What I don’t understand about the insurance and state lines thing

Obamacare set up health insurance marketplaces. It didn’t take over health insurance like some would make you believe, but one thing it did was establish a website, not much different from expedia, where people can compare available insurance plans. Of course, it made some rules about the plans that can be sold on this platform, and each state has its own set of plans, so somebody from NY, for example, only gets to shop for plans in NY. Republicans latched onto this, and said that it hurt competition, because insurance companies should be able to sell across state lines. I’m not an expert in health insurance, so I’m sure I’m missing something (maybe something big), but the whole thing always seemed silly to me. I’m the first to warn against anecdote, and I should probably use my own advice here, but every now and then we all ignore the rules (even our own), so here goes.
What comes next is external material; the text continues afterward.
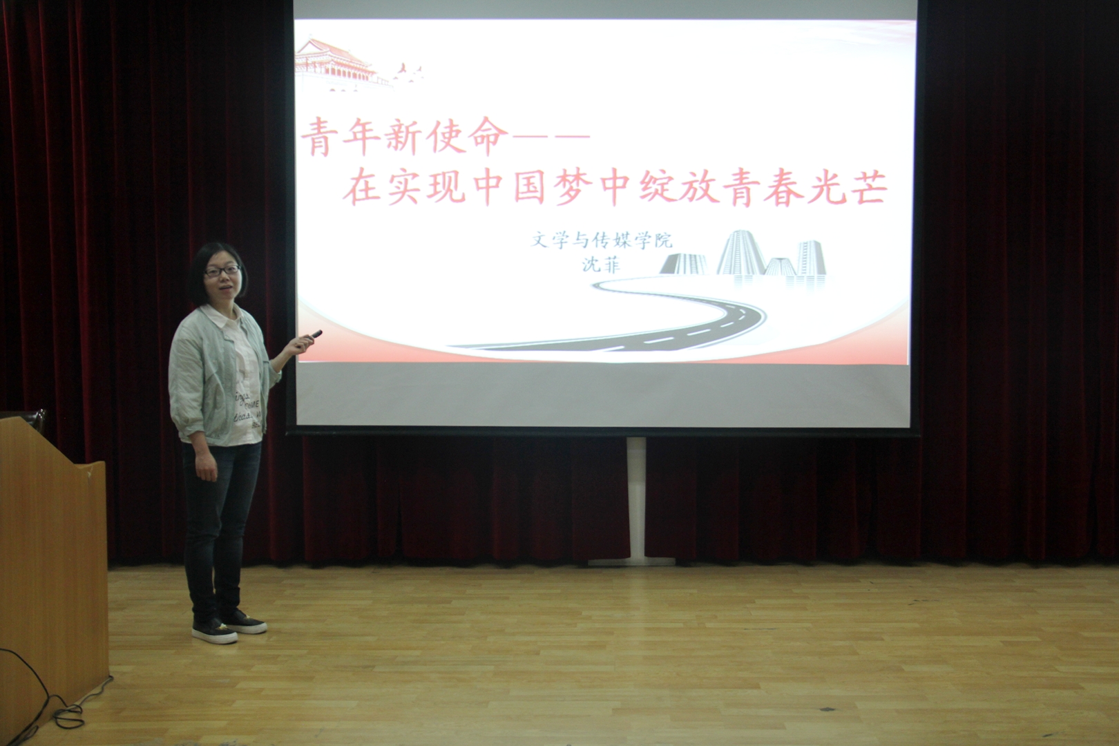 为学习和贯彻全国“两会”和党的十九大精神,围绕学工部《关于在员工中开展学习宣传贯彻党的十九大精神工作方案》要求,按照统一安排,suncitygroup太阳集团于2018年4月22日晚19:30,在一号楼六楼报告厅举办题为“青年新使命——在实现中国梦中绽放青春光芒”十九大精神专题解读报告会,由学工办主任、团总支书记沈菲担任主讲。suncitygroup太阳集团官方网站学工部副部长黄娟、学工部心理健康咨询中心教师柯小敏、江南校区各院系辅导员及2016级全体员工参加了本次报告会。
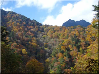 この日は朝から飯盛山に登っていて、そのまま午前中に帰る予定でした。ところがこの日、午後に予定していた仕事が翌日に延期との連絡が携帯に入りまして、それならばということで紅葉の時期にぜひ一度行きたいと思っていた山梨の紅葉の名所、西沢渓谷にそのまま向かうことにしたのでした。

I was a research fellow at a university in Philadelphia before I took my first (and so far only) faculty job at a university in Buffalo. I was married (and had been for about 10 years) and we had two kids. We had excellent insurance coverage from my university and were able to get medical care from one of the best hospital systems in the world. My new job also had excellent insurance options, but we moved across state lines about two months before the job actually started, and once the job started there was a 40 (or was it 42?) day waiting period before the new insurance kicked in. So we had a pretty long lapse in coverage, especially for a family with two young kids. We were protected in some sense by COBRA, which allowed us to keep our insurance when we moved to Buffalo, but there was a catch…or catches. First, we had to pay the total amount of the premium, without the employer contribution, so the plan was going to be about $1200/month (interestingly, this was more than a decade ago, and it’s still higher than the average family plan today, which is $833/month according to this website). Second, and this is probably the most important part, even if we paid all that money for the plan, we would have been out of network, so we couldn’t have seen doctors anywhere near where we lived. We could have gotten emergency care, which is certainly important, but it would have meant emergency rooms anytime one of the kids (both toddlers) needed an antibiotic or picked up an eye infection from daycare.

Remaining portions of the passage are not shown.